(WORKING DATA)
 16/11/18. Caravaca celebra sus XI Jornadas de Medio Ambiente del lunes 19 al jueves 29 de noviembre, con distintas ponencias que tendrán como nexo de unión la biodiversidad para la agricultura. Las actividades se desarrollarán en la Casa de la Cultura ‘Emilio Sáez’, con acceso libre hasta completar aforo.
(End WORKING DATA)
(WORKING DATA)
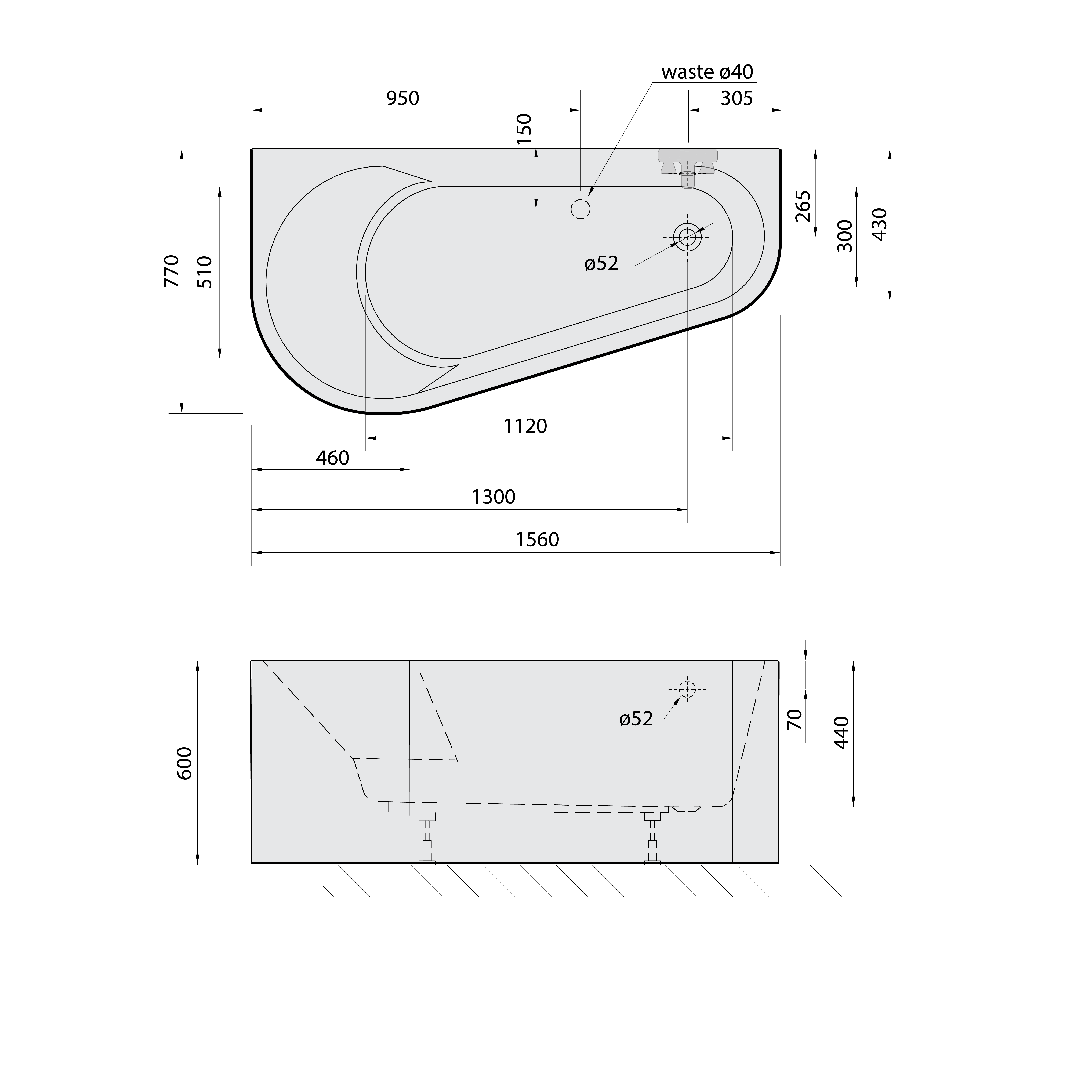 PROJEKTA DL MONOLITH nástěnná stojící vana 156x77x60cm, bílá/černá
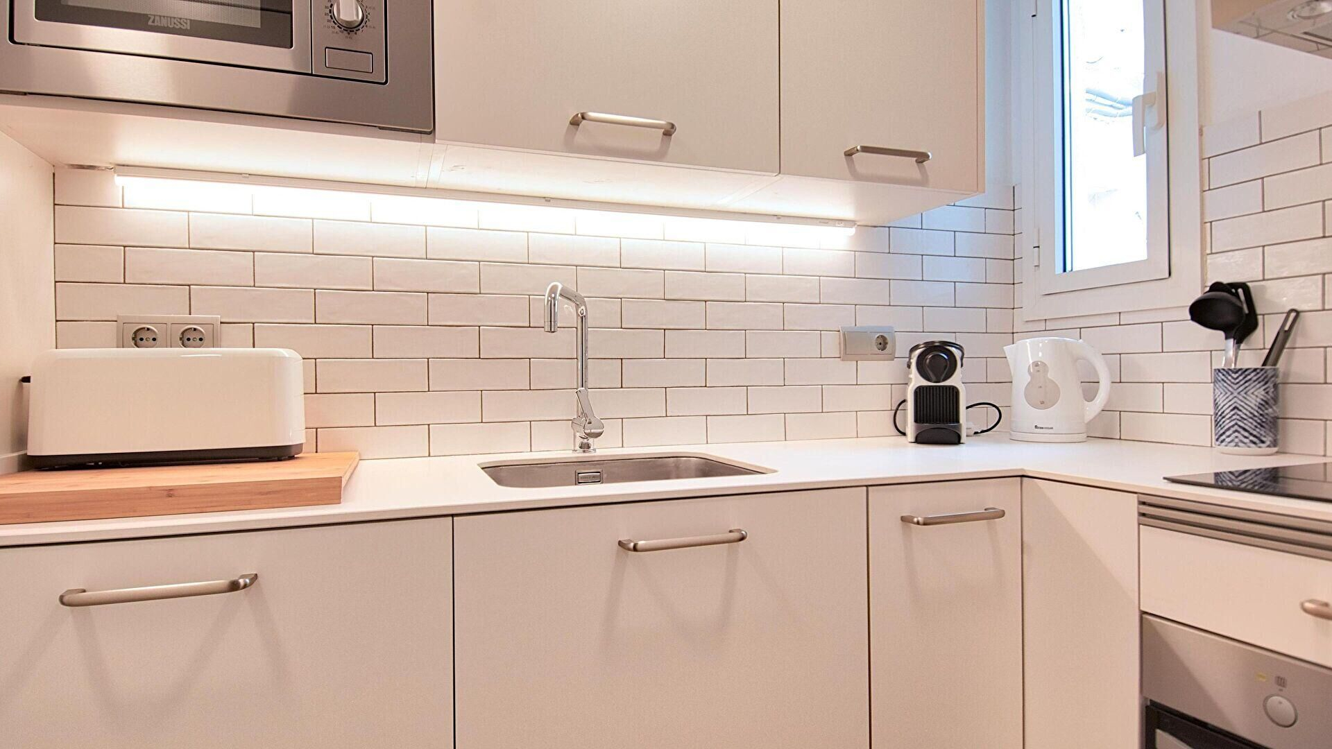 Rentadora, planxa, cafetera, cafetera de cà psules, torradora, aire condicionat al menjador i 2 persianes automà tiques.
(End WORKING DATA)
INSTRUCTIONS FOR THE TASK. Take the material above from the line bearing "PROJEKTA DL MONOLITH" through the line bearing "Rentadora, planxa, cafetera, cafetera" and write it out exactly, both end lines included. Pictures stay out.

OUTPUT BELOW.
 PROJEKTA DL MONOLITH nástěnná stojící vana 156x77x60cm, bílá/černá
 Rentadora, planxa, cafetera, cafetera de cà psules, torradora, aire condicionat al menjador i 2 persianes automà tiques.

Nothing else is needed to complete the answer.